For example, in Python it is possible to do the following:

import ast

pythonString="X3=X1*X2"
astObject=ast.parse(pythonString)
X1=3
X2=4
exec(compile(astObject,"","exec"))
print(X3)

-> 12

And of course from MMA it is possible to do:

session=StartExternalSession["Python"]
ExternalEvaluate[session, {"import ast","X1=3","X2=4",
 "exec(compile(ast.parse(\"X3=X1*X2\"),\"\",\"exec\"))"} ]

to yield the same result (i.e. 12).

However I want to generate my bits of Python code ("X1=3","X2=4","X3=X1*X2") in Mathematica. These bits here are simple enough, but I intend to generate complete programs, i.e. statements and expressions, metaprogrammatically(!). To do that I then have to figure out how to parse Python's annoying indentations, which is of course how it distinguishes one set of expressions from the next and what their dependencies are. I am loath to do so, and figured that it might be easier to operate on the ast structure.

Originally I had thought I might be able to use an intermediate string-form from Python's ast.dump() function which looks like:

astString = ast.dump(pythonString)
-> "Module(Body=[Assign(targets=[Name(id='X3',ctx=Store())],value=BinOp(left=Name(id='X1',
ctx=Load()),op=Mult(),right=Name(id='X2',ctx=Load())))])"

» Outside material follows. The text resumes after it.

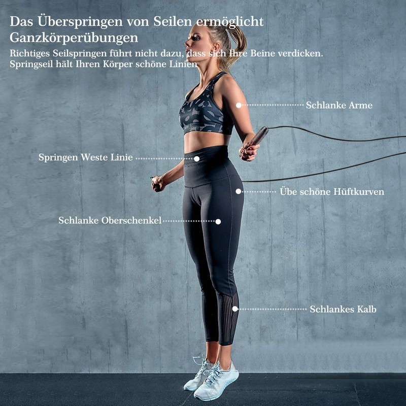 - Perfect for aerobic exercise: the skipping rope is one of the most effective aerobic exercises. You can jump rope in different places, anytime and anywhere. The calories you burn for 10 minutes of rope skipping correspond to jogging for 30 minutes, 50 minutes of yoga and 30 minutes to swim. With this skipping rope, you can train efficiently. You can move whole body muscle groups such as the hands, shoulders, waist, hips, legs, stomach and other parts of the muscle group.

and since this astString essentially serializes the astObject I could also generate this instead. However I cannot find any way of getting Python to do anything with this astString.

Is it possible to create this sort of Python object - like my astObject above - on the Mathematica side?

B

PS: Here is a description of the 'ast.Module' objects: https://greentreesnakes.readthedocs.io/en/latest/tofrom.html

PPS: I have cross-posted this on Wolfram Community: https://community.wolfram.com/groups/-/m/t/2070851

Answer 1

I think that compiling Python code as a string is actually simpler than what you propose. But I also know that me just saying it won't convince anyone, so here's an example.

We define a couple of symbolic heads that will represent our Python program in Mathematica, and a function to render expressions with those symbolic heads:

ToPythonString[statements_List] := StringRiffle[ToPythonString /@ statements, "\n"]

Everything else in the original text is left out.